FIG. 11 is a rotation characteristic diagram of a motor of the washing and drying machine.

[Explanation of symbols]

 DESCRIPTION OF SYMBOLS 1 Housing 3 Outer tank 4 Inner tank 5 Rotating blade 9 Motor (driving means) 12 Drying blower (blowing means) 13 Heater (heating means) 17 Cooling blower (cooling blowing means) 24 Control means

 ────────────────────────────────────────────────── ─── Continued on the front page (72) Inventor Makio Tahara 1006 Kazuma Kadoma, Kadoma-shi, Osaka F-term in Matsushita Electric Industrial Co., Ltd. (reference) 3B155 AA10 AA16 BA09 BB16 CA06 CB07 LA11 LB17 LC02 MA01 MA05 MA06 MA07 MA08 MA10

Claims (4)

[Claims] 1. An outer tub elastically suspended in a housing, an inner tub having a rotation center axis in a substantially vertical direction and rotatably supported in the outer tub, and a rotatable inner bottom portion of the inner tub. Rotating blades provided freely, driving means for driving the inner tank or the rotating blades, blowing means for blowing hot air into the inner tank, heating means for heating the air blown by the blowing means, Cooling air blowing means for introducing cooling air from outside to the inside of the housing, and a control means for controlling operations of the driving means, blowing means, heating means, cooling blowing means and the like to control washing and drying processes, A washing and drying machine wherein the control means controls the driving means so that the number of revolutions of the rotor in a drying step is higher than in a washing step. 2. An outer tub resiliently suspended in a housing, an inner tub having a rotation center axis in a substantially vertical direction and rotatably supported in the outer tub, and a rotatable inner bottom of the inner tub.
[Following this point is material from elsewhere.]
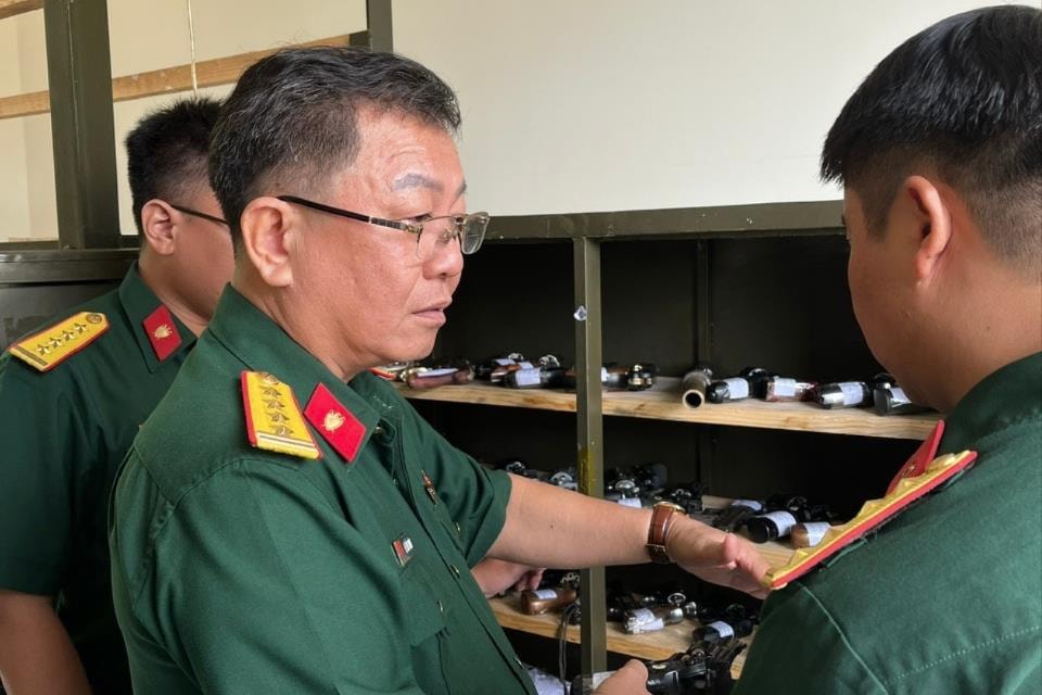 Đại tá Lê Tấn Thành, Trưởng phòng điều tra hình sự Quân khu 7 kiểm tra việc bảo quản súng tại kho vật chứng

Rotating blades provided freely, driving means for driving the inner tank or the rotating blades, blowing means for blowing hot air into the inner tank, heating means for heating the air blown by the blowing means, Cooling air blowing means for introducing cooling air from outside to the inside of the housing, and a control means for controlling operations of the driving means, blowing means, heating means, cooling blowing means and the like to control washing and drying processes, A washing / drying machine according to claim 1, wherein said control means controls said driving means so that an on-time ratio of an on / off time period when said rotor is rotated in a drying step is lower than a washing step. 3. The washing / drying machine according to claim 1, wherein the control means controls the driving means such that activation at the time of rotation of the rotor during the drying process is turned on more strongly than in the washing process. 4. The washing / drying machine according to claim 1, wherein the control means controls the driving means such that braking during turning off of the rotor during the drying process is stronger than in the washing process.